Facing the facts is something Steinbrenner’s sons are willing to do. With Grandy and A-Rod out, plus the free agent departures of Nick Swisher (24), Russell Martin (21), Raul Ibanez (19), Eric Chavez (16) and Andruw Jones (14), the Yankees lost 162 of those dingers in a flash. Father George was all about the egotistically driven bottom-line of getting his man, making a splash and winning at all costs. He would have just spent the bread for some more big guns.
It’s clear: Hal and Hank are trying to stay with the goal of keeping payroll under the $189 million luxury-tax threshold. Despite huge needs this off-season, they’ve modestly added Kevin Youkilis and Travis Hafner, who bring a mere 31 combined homers to the mix. With the recent disaster to Granderson, the Yankees will have to change the entire philosophy of team.

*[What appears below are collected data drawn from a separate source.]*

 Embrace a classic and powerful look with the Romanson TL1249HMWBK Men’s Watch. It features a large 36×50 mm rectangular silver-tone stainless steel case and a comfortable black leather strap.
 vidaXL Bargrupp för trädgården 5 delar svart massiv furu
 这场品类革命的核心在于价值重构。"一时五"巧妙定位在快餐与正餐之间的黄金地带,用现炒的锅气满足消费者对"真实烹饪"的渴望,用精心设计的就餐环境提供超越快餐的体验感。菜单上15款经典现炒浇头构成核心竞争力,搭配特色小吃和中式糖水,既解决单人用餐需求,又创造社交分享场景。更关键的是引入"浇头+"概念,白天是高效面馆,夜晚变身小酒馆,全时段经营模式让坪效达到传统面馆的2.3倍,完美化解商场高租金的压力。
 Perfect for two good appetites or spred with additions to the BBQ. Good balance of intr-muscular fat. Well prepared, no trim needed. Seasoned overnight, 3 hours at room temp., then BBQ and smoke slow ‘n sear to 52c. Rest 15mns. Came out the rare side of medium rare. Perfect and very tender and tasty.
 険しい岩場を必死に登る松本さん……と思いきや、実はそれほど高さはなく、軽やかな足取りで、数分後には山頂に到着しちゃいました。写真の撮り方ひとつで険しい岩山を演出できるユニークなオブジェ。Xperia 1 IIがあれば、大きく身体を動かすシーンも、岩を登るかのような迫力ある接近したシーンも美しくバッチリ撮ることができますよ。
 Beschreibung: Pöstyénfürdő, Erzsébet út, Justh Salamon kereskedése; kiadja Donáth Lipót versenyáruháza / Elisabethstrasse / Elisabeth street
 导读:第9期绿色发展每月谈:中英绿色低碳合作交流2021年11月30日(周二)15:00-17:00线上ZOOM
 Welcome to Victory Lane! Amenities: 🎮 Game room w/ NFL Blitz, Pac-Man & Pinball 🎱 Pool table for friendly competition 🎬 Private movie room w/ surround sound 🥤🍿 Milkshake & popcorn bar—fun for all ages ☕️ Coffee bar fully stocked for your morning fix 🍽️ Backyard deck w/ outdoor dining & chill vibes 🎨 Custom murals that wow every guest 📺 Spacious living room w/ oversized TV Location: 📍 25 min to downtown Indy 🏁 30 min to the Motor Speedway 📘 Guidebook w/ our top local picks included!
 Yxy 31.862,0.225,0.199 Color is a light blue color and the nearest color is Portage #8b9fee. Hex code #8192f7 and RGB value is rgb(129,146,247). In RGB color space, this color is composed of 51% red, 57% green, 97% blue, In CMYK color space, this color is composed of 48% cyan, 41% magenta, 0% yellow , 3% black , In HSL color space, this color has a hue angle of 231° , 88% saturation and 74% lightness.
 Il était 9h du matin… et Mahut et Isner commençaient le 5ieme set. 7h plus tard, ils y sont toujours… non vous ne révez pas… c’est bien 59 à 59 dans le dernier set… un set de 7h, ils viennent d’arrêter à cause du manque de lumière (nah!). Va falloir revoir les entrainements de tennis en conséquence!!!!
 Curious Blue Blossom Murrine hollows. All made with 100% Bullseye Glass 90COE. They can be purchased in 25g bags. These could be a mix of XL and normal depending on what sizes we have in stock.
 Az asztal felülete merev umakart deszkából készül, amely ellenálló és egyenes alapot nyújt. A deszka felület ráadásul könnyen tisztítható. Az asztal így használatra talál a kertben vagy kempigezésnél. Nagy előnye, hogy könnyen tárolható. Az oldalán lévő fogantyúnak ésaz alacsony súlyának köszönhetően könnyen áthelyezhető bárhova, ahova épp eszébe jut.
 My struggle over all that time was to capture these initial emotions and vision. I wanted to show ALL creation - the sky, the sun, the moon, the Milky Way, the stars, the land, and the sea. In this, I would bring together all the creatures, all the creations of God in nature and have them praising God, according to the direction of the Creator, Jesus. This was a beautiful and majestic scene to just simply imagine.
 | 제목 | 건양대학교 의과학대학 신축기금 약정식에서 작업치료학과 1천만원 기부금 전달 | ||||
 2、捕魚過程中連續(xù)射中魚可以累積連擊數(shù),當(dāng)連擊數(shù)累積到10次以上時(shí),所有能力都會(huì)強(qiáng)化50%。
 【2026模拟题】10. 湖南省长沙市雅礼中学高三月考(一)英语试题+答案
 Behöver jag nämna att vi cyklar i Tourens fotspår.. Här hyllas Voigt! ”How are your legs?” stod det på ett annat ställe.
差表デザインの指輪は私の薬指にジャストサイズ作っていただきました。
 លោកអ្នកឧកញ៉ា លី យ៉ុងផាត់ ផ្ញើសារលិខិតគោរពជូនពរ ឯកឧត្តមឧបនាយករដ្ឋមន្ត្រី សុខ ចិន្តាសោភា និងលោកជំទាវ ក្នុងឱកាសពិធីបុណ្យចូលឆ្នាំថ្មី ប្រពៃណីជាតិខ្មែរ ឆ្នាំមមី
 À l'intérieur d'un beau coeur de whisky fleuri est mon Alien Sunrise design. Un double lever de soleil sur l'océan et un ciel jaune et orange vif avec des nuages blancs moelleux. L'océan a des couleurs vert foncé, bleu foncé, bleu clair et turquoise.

Toss in the loss of closer Rafael Soriano, arm surgery for CC Sabathia, major ankle surgery for Jeter, the wishy-washy return of Mariano Rivera, and a shabby patchwork job by GM Brian Cashman, and it’s clear that the “Era of The Boom Bap” is over.
The prevailing thought is that the Yankees will have to manufacture scores, hit and run, scratch out rallies and put runners in motion like a small market team with no resources. The speed of outfielder Brett Gardner, Ichiro Suzuki and—if healthy—Jeter, figures into play more than ever. The Yankees will have to force the issue because, with the exception of Mark Teixeira and Robinson Cano, all the three-run-homer guys have left the building.
The new, more fiscally responsible Yankee approach is sure to hit Yankee fans like the fire at Happy Land, when it sinks in on Opening Day and everyone’s scrambling to find information on the less-than-stellar names littering the Yankees lineup card.
The fans aren’t the only disgruntled party heading into this Yankee season. A source close to the Yankees told the Shadow League that the Yankees are tiring of Granderson’s feast-or-famine hitting and would trade him for the right deal. Also, if Robinson Cano is truly the Yankees’ future, the source says, then the Steinbrenners aren’t doing a good job with making him feel wanted. And unless the Yankees offer him some mega-deal before he hits free agency at season’s end, there is a possibility that Cano could bounce to a younger, fresher team like the Washington Nationals—a legit rumor confirmed by ESPN’s Buster Olney.
This year is critical for the Yankees and the future of the franchise. It’s been a great run for the old legendary gang of Jeter, Rivera, Pettitte (and Posada who retired before last season), but the changing face of baseball is turning towards new MLB ambassadors like Price.
You can’t stay fresh forever, but this much is clear: the old school, old-timer Yankees need to get their cool back.